Chain-length dependence of the propagation rate coefficient for methyl acrylate polymerization at 25 °C investigated by the PLP-SEC method

When applying the pulsed laser polymerization-size exclusion chromatography (PLP-SEC) method to determine the propagation rate coefficient (k(p)) for bulk methyl acrylate at 25 degrees C, the characteristic ratio L-1/L-2 of chain lengths controlled by pulsing is found experimentally to be markedly higher than the expected value of 0.5. In addition, the k(p) values determined are dependent on the pulse repetition rate. These results are interpreted with a power-law representation of the chain length (L) dependence of the value of k(p) for long radicals according to kL(p) = k0(p)L(-beta), where k0(p) represents the maximum "virtual" propagation rate coefficient for monomeric radicals.

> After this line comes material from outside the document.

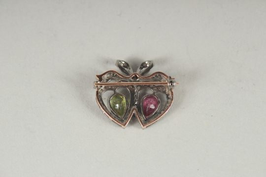 A GOLD AND SILVER DIAMOND & PEARL DOUBLE HEART BROOCH.

New equations are derived to estimate the values of beta and k0(p) from experimental molar mass distributions (MMDs), with the validity of the procedure checked in silico by simulations. A comparison of the calculated and experimental MMDs is used to correct chain lengths obtained by the PLP-SEC method, with beta and k0(p) estimated to be 0.12 +/- 0.01 and 28 000 +/- 2000 L mol(-1) s(-1), respectively, for chain lengths within 350 <= L <= 1200.